18. Par conséquent, afin de développer la participation de l'Union
européenne aux organes de suivi du Conseil de l'Europe, l'Assemblée
appelle l'Union européenne:
18.1 à
reprendre le processus de négociation en vue de son adhésion à la
Convention européenne des droits de l'homme afin d'assurer la convergence
des normes relatives aux droits de l'homme dans l'ensemble de l'Europe;
18.2 à adhérer à la Convention pénale sur la corruption (STE
no 173) et à accélérer les négociations sur
sa participation au GRECO, en vue de contribuer à une meilleure
coordination des politiques en matière de lutte contre la corruption
en Europe.
19. En outre, en vue de l’adhésion de l’Union européenne à la
Charte sociale européenne (révisée), à laquelle le Parlement européen
a appelé à plusieurs reprises, l’Assemblée invite l’Union européenne
à renforcer la convergence du droit de l’Union européenne avec la
Charte sociale européenne et appelle les États membres à insérer
une clause d’adhésion dans la Charte sociale européenne pour permettre
à l’Union européenne d’y adhérer.
20. Par ailleurs, la Résolution du Parlement européen sur la nécessité
d’un mécanisme approfondi de l'Union pour la protection de la démocratie,
de l'État de droit et des droits fondamentaux confère aux parlements
nationaux un rôle important dans le mécanisme envisagé et appelle
à un dialogue interparlementaire renforcé entre le Parlement européen
et les parlements nationaux. Comme le Parlement européen, l'Assemblée
est convaincue que les parlements nationaux sont, en amont, bien
placés pour identifier les lacunes et définir les indicateurs permettant
de mesurer le respect des valeurs communes. Mais elle considère
également que, en aval, le manque d'informations des parlements
nationaux sur les recommandations formulées par les diverses institutions
européennes dans le cadre des mécanismes de conformité de l’État
de droit est préjudiciable à la consolidation du système de protection
des droits de l’homme et de l’État de droit en Europe.
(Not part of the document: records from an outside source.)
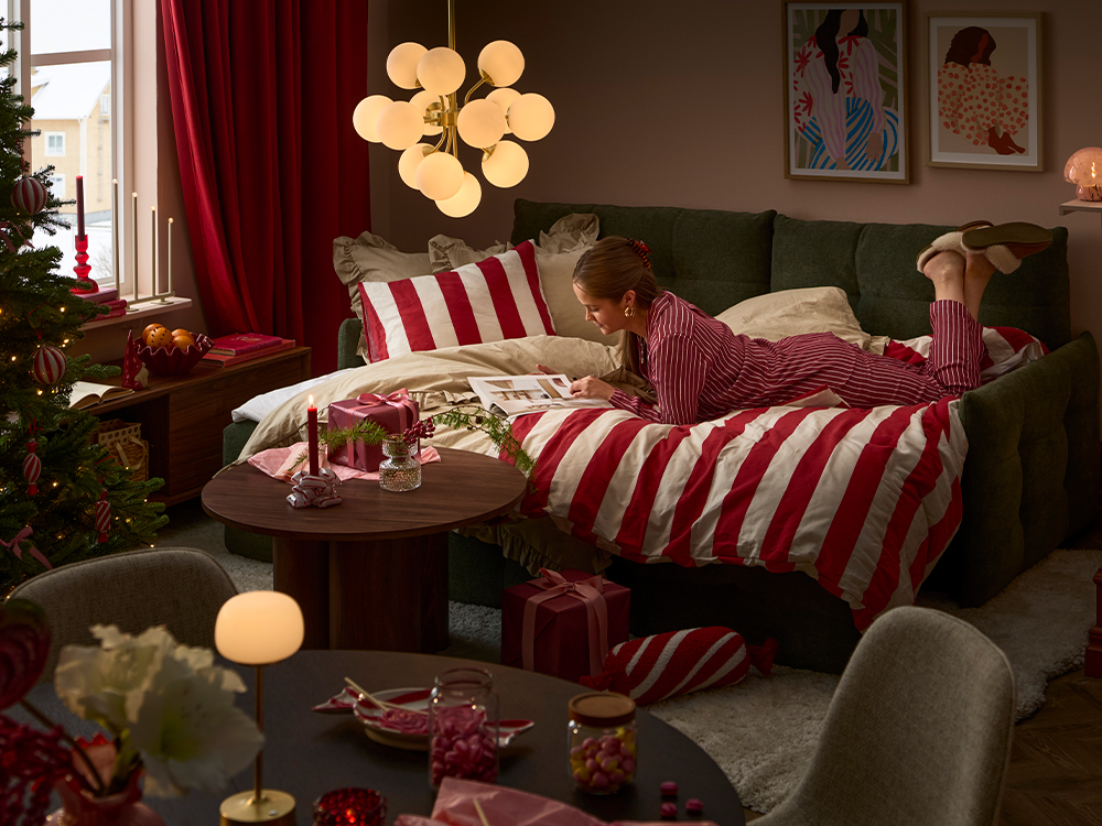 Julen är inte bara en tid för festliga middagar, klappar och tid tillsammans. Alla behöver vila mellan varven och sova gott för att orka fira vidare. Förbered för övernattande gäster. Se till att både du och de som vill stanna sover bekvämt. Upptäck våra sängar, bäddsoffor, extrabäddar och smarta madrasslösningar. Skapa extra sovplatser utifrån de förutsättningar du har och komplettera med mjuka täcken, kuddar och sköna påslakan. Vi hjälper dig gärna hitta allt du behöver för att få till en riktigt ombonad känsla.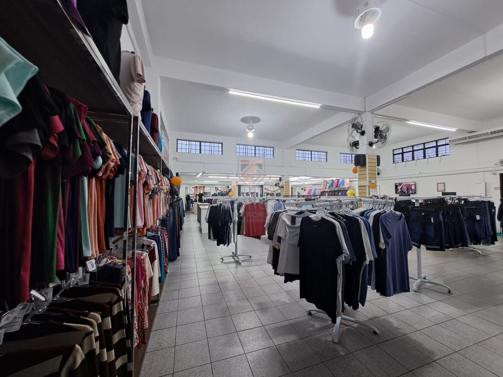 Térreo com Aproximadamente 395m²: Pé direito de 3,5m, banheiro para clientes, provadores, balcão e caixa.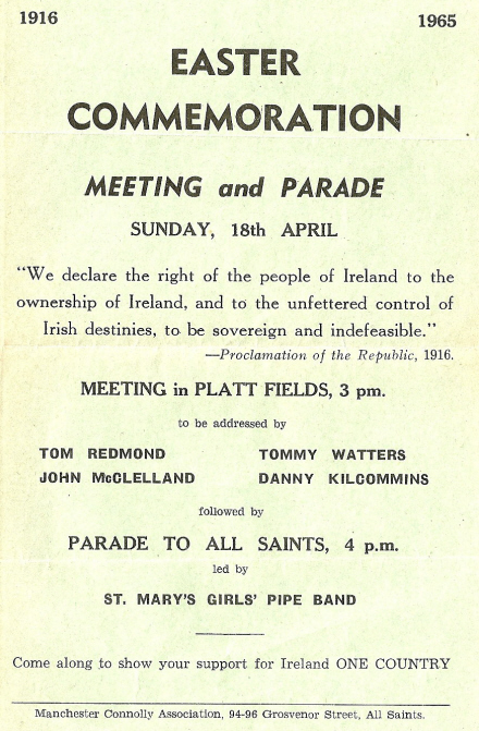From 1965 a Poster from The Manchester Connolly Association advertising an Easter Commemoration, Meeting and Parade.
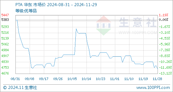 11月29日,生意社PTA基准价为4741.00元/吨,与本月初(4901.00元/吨)相比,下降了-3.26%。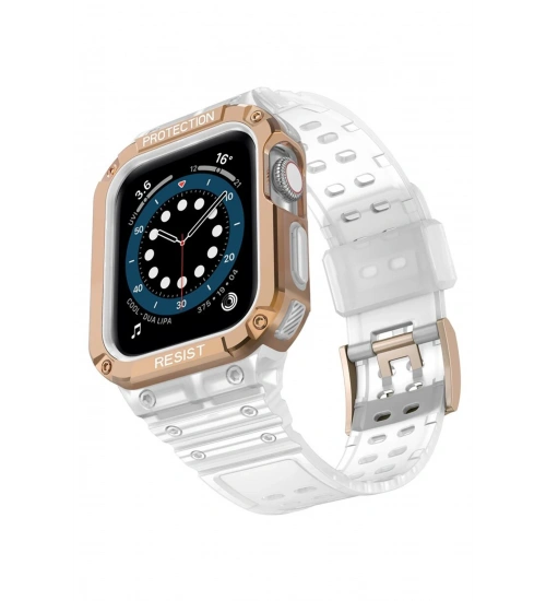 Newface Apple Watch 42mm KR401 Silikon Kordon - Beyaz-Rose
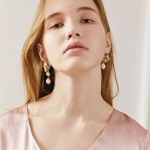 AOMU Korea S925 Sterling Silver Pin Metal Gold Triangle Irregular Freshwater Pearl Asymmetry Long Drop Earrings for Women Girl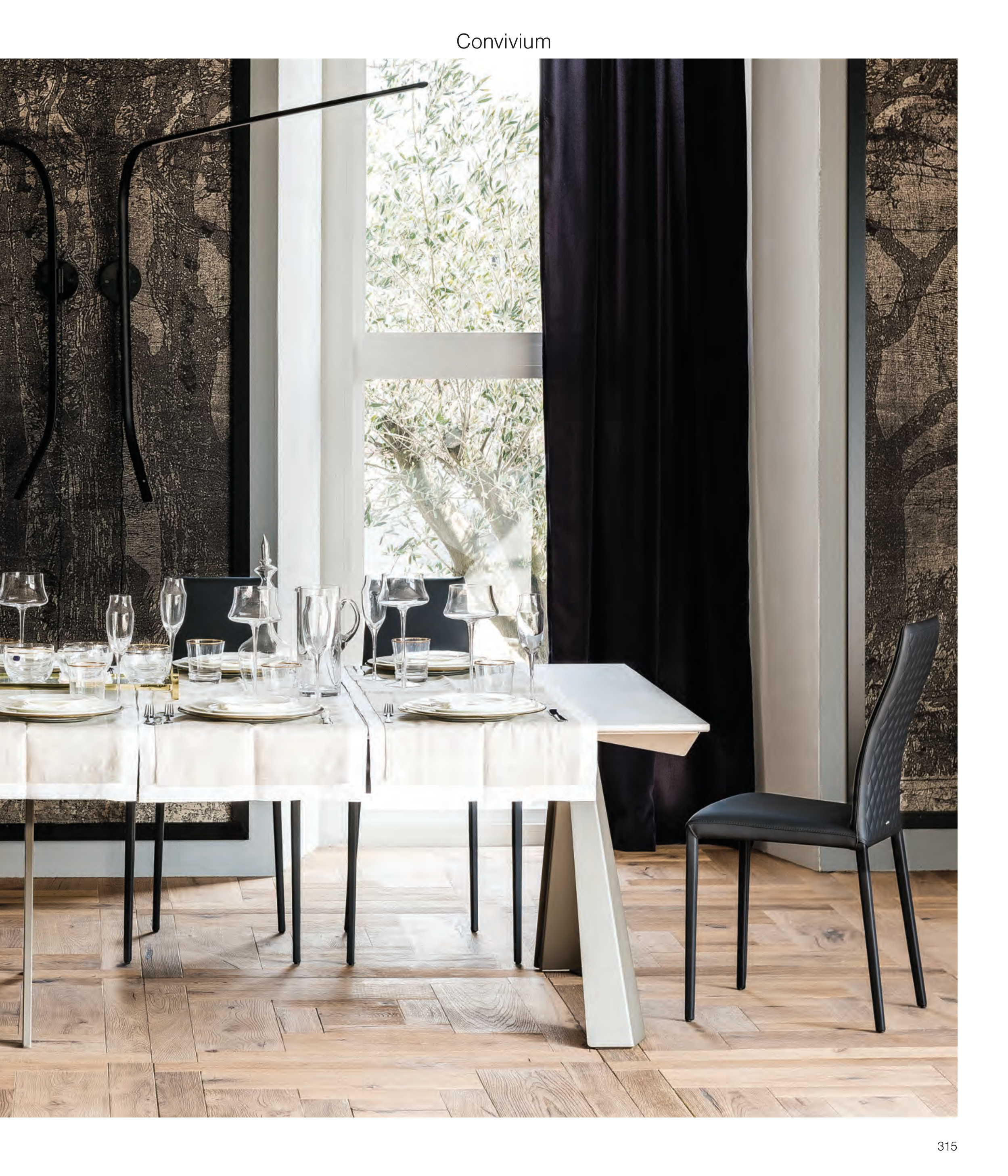 CONVIVIUM console with titanium base and cement laminated wood top - KAY COUTURE chairs in soft leather 956 atlantico - FISHERMAN lamps in black 315 Convivium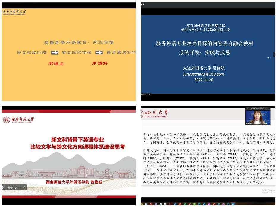 联合主办的第五届外语学科发展论坛暨新时代外语人才培养全国研讨会如期在线召开,来自华中科技大学、四川大学、华东师范大学、郑州大学、湖南师范大学、西安外国语大学、大连外国语大学、华中师范大学和武汉纺织大学等10余所高校的专家学者,以及长期从事外语教学、热爱外语学科的师生共计二百余人相聚线上,就外语学科定位与内涵建设﹑中国特色外语学科人才培养体系创新与实践﹑课程思政与中国外语人才培养﹑外语人才培养与校本特色建设﹑外语学科专业教材建设与教学改革等8大热门议题展开了广泛而深入的探讨,近4800人在线观看。
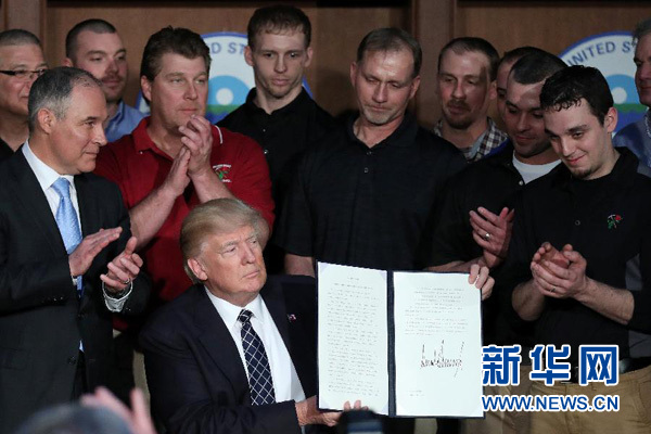 在20多名煤矿工人和一些政府官员的见证下,特朗普当天在美国环境保护局签署了这份行政命令,声称要“终结(奥巴马政府发起的)煤炭战争”。

21. L’Assemblée considère que, en tant que forum paneuropéen de
dialogue interparlementaire, dont les textes adoptés fournissent
des orientations aux gouvernements et aux parlements nationaux quant
aux normes à promouvoir en Europe, elle pourrait être le lieu privilégié
d'une interaction régulière entre les institutions de l'Union européenne
et les délégations parlementaires nationales qui siègent à l'Assemblée. Ainsi,
elle se tient prête à tenir un débat parlementaire annuel sur l’État
de droit, qui offrirait un moment opportun pour rapprocher les décideurs
et les organes de contrôle européens des parlements nationaux.
22. En conséquence, l'Assemblée décide d’inviter l'Union européenne
à coopérer à la mise en place d'un débat parlementaire annuel sur
l'État de droit, en utilisant la tribune de l’Assemblée parlementaire,
visant:
22.1 à permettre de mieux
informer les parlements nationaux des conclusions et des recommandations
des divers rapports portant sur le respect par les États membres
des normes relatives aux droits de l'homme, à l'État de droit et
à la démocratie, produits par le Conseil de l'Europe et l'Union européenne,
et à contribuer ainsi à convertir les recommandations, avis et conclusions
en politiques nationales de conformité;
22.2 à permettre aux parlements nationaux d'informer les institutions
européennes sur leurs questions prioritaires;
22.3 à aider à créer un sentiment commun que la situation d’un
pays n’est pas unique et que les mêmes problèmes sont partagés par
d’autres.
23. L'Assemblée invite le Parlement européen à renforcer leur
coopération mutuelle afin de développer la dimension parlementaire
des questions liées à l'État de droit.
24. Enfin, le développement de mécanismes de l'Union européenne
concernant l'État de droit, les initiatives en cours et leurs implications
pour le Conseil de l'Europe méritent une analyse et une réflexion
plus approfondies au niveau de l'Assemblée elle-même en ce qui concerne
l'impact potentiel sur son propre mode de fonctionnement en termes
de compatibilité avec sa propre procédure de suivi des obligations
et engagements souscrits par les États membres.